Around 1367, his first wife having died, he married Maria de Mimars, widow of the Cypriot bailli Jean de Soissons. He thereby became the brother-in-law of Margaret of Soissons, Queen of Armenia. He paid the spectacular brideprice of 243,567 Cypriot bezants and received the usufruct of Maria's Cypriot estates. The marriage was short. Maria died in 1369 or 1370.

===Avignon, Italy and Cyprus===
After Peter's assassination in 1369, Kalopheros was persecuted by the regime of John of Lusignan. In 1370, accused of having conspired with Eleanor, mother of the young king Peter II, he was arrested. The estates of his wife, which he had unlawfully retained, were confiscated. Freed in 1371 or 1372, he left Cyprus to serve the Papacy in Avignon.

In 1372 or 1373, Kalopheros contracted his third marriage to Lucie, daughter of Erard III, baron of Arcadia in Greece. He was in Cyprus in February 1373, when Queen Eleanor entrusted him with a message for her father, Peter of Ribagorza, then resident at Avignon. On 22 March, Pope Gregory XI sent him on a diplomatic mission to the Kingdom of Naples in an effort to coordinate a naval league against the Ottoman Turks. At the end of June, the pope sent him to the Republic of Genoa to fend off an impending Genoese invasion of Cyprus and to convince the Genoese to concentrate their efforts against the Turks. Kalopheros continued to work for the union of the churches as late as 1374.

In 1379, Kalopheros visited Rhodes. He supported the efforts of James of Baux to realize his claims to the Latin Empire. In 1382 or 1838, at the height of his war against the Navarrese Company, James granted Kalopheros the county of Cephalonia. In 1388, Kalopheros became a citizen of Venice, having already received citizenship from Genoa. He had his will drawn up at Venice on 5 July 1388 by the notary Marco de Rafanelli. Soon afterwards, he returned to Cyprus.

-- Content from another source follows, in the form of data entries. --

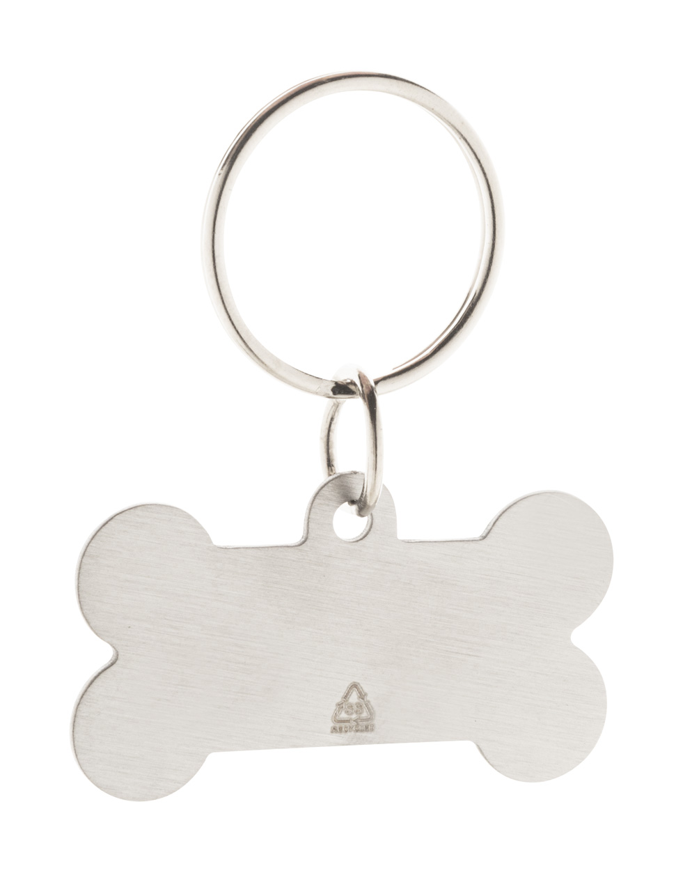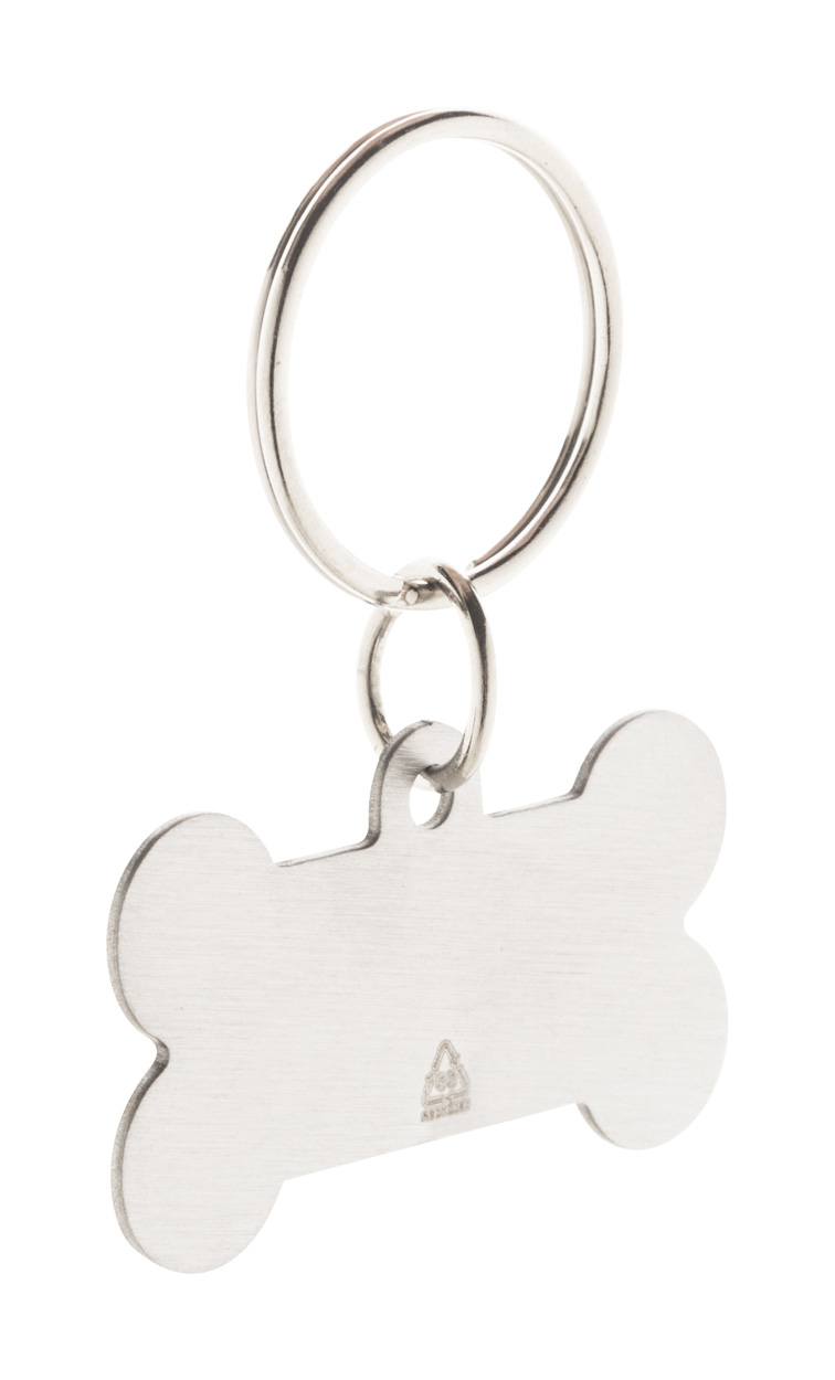 Hundemarke in Knochenform aus recyceltem Edelstahl mit Schlüsselring.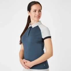 Horze Women’s Laura Ventilated Polo Training Shirt – Obscure Night Blue/ Pebble Grey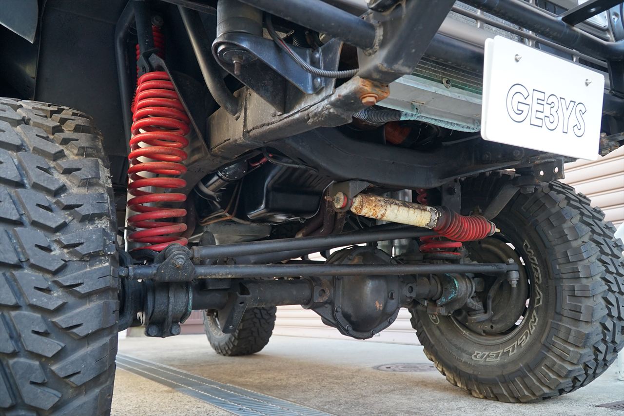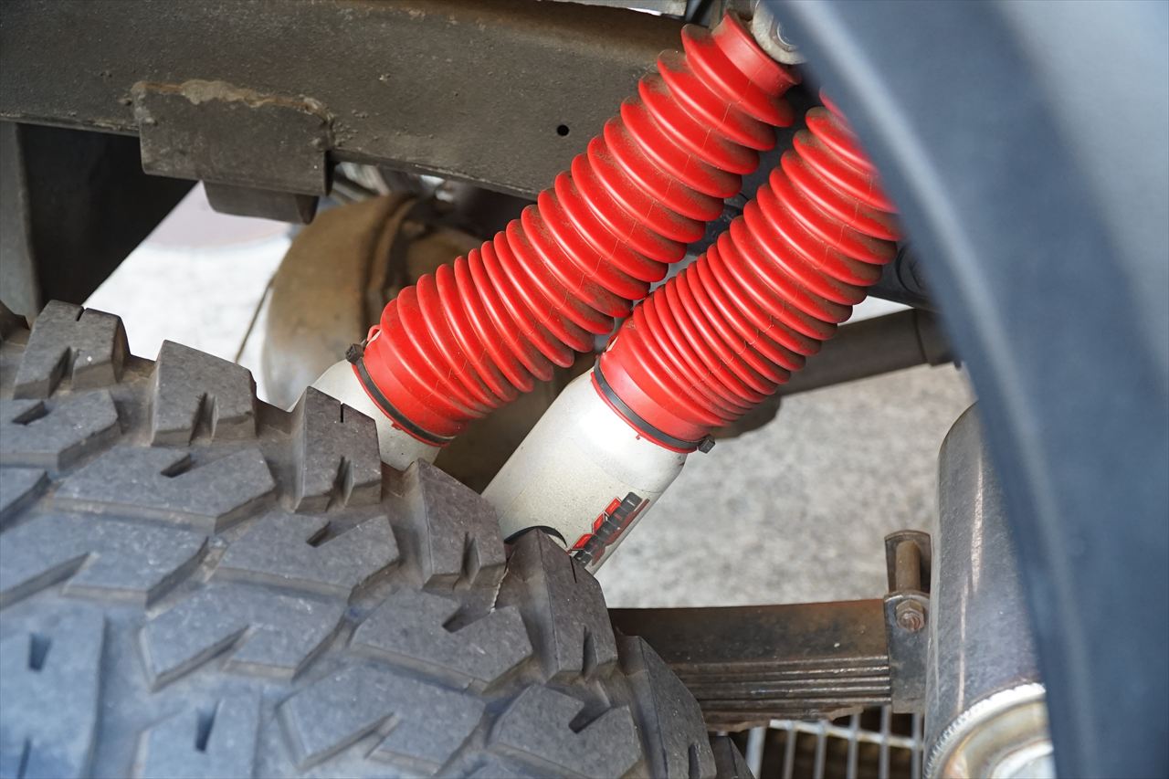 リフトアップはボディリフトと足回り、タイヤでカスタムされています。
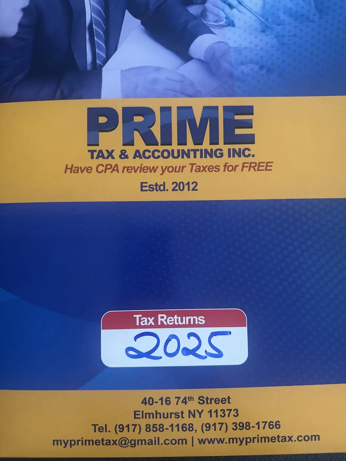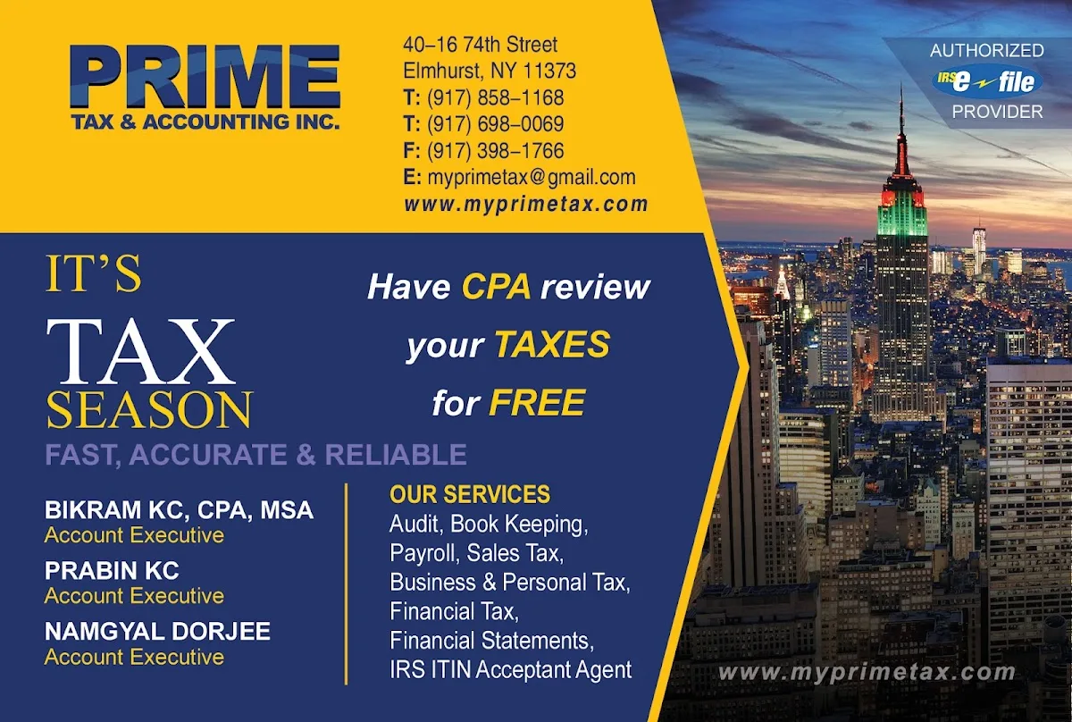 Filing your return early is the most effective way to claim your refund sooner and stay ahead of the April deadline. Why choose Prime Tax and Accounting? Our team of Highly skilled Tax Preparers, Enrolled Agent (EA) and CPA brings a high level of expertise to every return. We are federally authorized tax practitioners who can represent taxpayers before the IRS. We stay current on all the latest tax law changes to ensure you maximize your deductions and remain fully compliant. Serving the community since 2012 *The Benefits of Filing Early:* Faster Refunds:* Get your money back into your pocket sooner. Expert Guidance:* Work with our EAs and CPAs to identify tax-saving opportunities. Identity Protection:* Filing early helps prevent tax-related identity theft. Call or email us now for a FREE consultation!* We are available to review your documents, answer your questions, and ensure you are prepared for a successful tax season. We look forward to working with you! Best regards, The Team at Prime Tax and Accounting 4016 74th Street Elmhurst, NY 11373 Phone: 917-858-1168, 917-650-8342 Email: myprimetax@gmail.com Open 7 days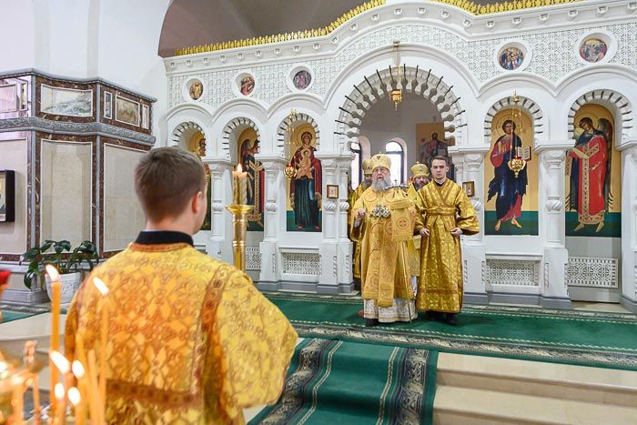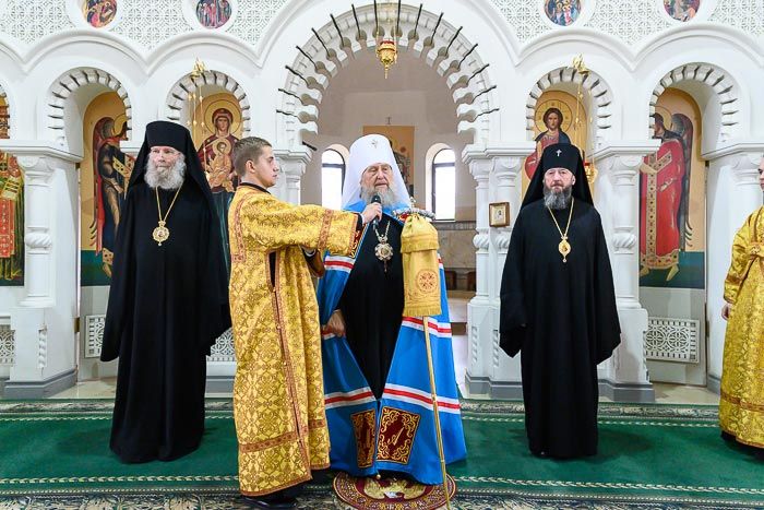 Митрополит Астанайский и Казахстанский Александр совершил Божественную Литургию в храме в честь Собора Пресвятой Богородицы города Алма-Аты.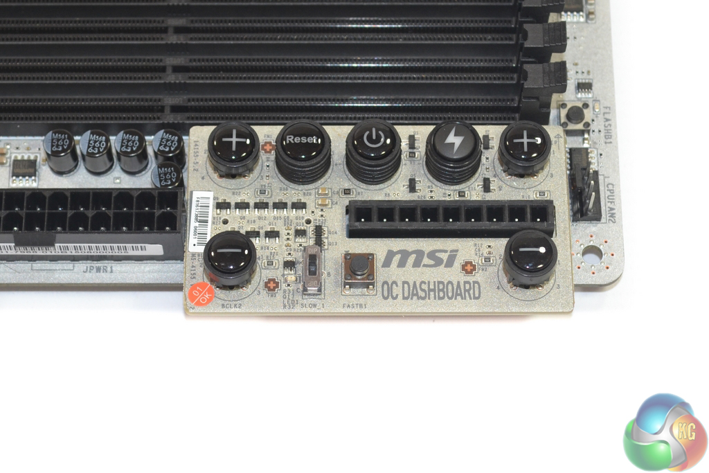 MSI's OC Dashboard is able to sit directly on the motherboard or it can be positioned elsewhere thanks to the included cable. That latter point is useful for sub-zero overclockers because the memory slots regularly freeze during an extended session of even CPU-only LN2 benching.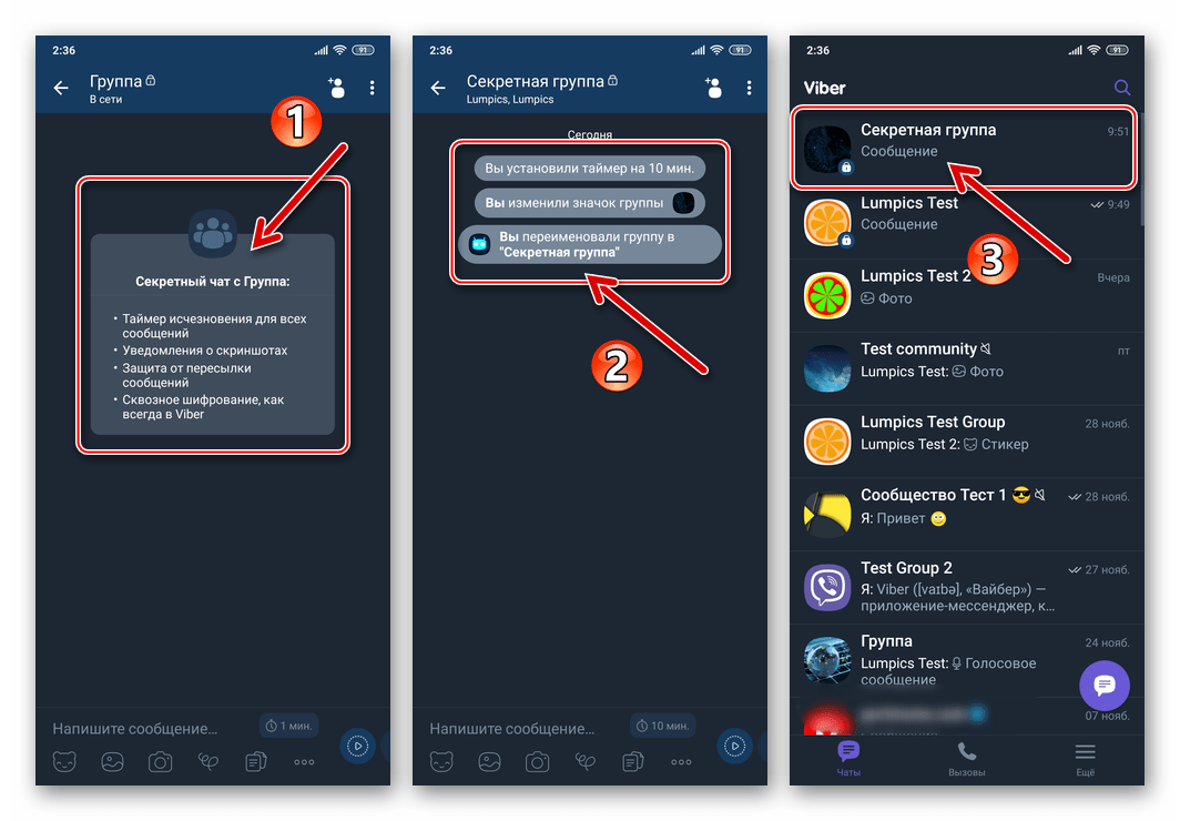 Чтобы использовать все возможности секретного чата при общении в группе участников Viber, организуйте переписку следующим образом.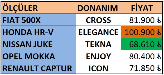 | Fiat 500X-Honda HR-V-Nissan Juke-Opel Mokka-Renault Captur fiyatlar (yeşil en ucuz – turuncu en pahalı) |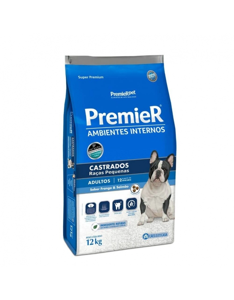 Ração Premier Ambientes Internos Cães Adultos Castrados Frango 12kg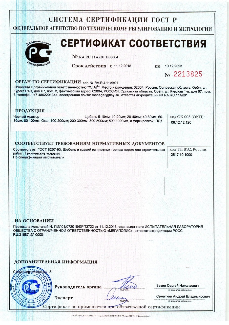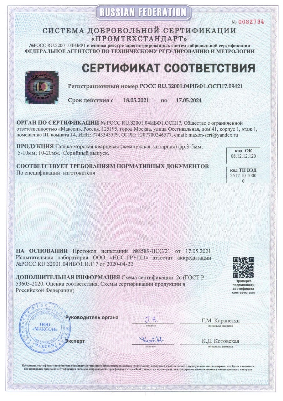 Сертификат соответствия на речную гальку

Kalopheros died on the island in 1392, before 2 September, when news of his death reached the Principality of Morea. His heir was Erard Laskaris, his son by Lucie. The executor of his will was his nephew, Erardo Zaccaria, the son of Lucie's sister Catherine and Andronikos Asen Zaccaria. He left legacies for Jeannot de Soissons, the son of his stepson by his first wife, and to a daughter of his stepdaughter Alise by the same.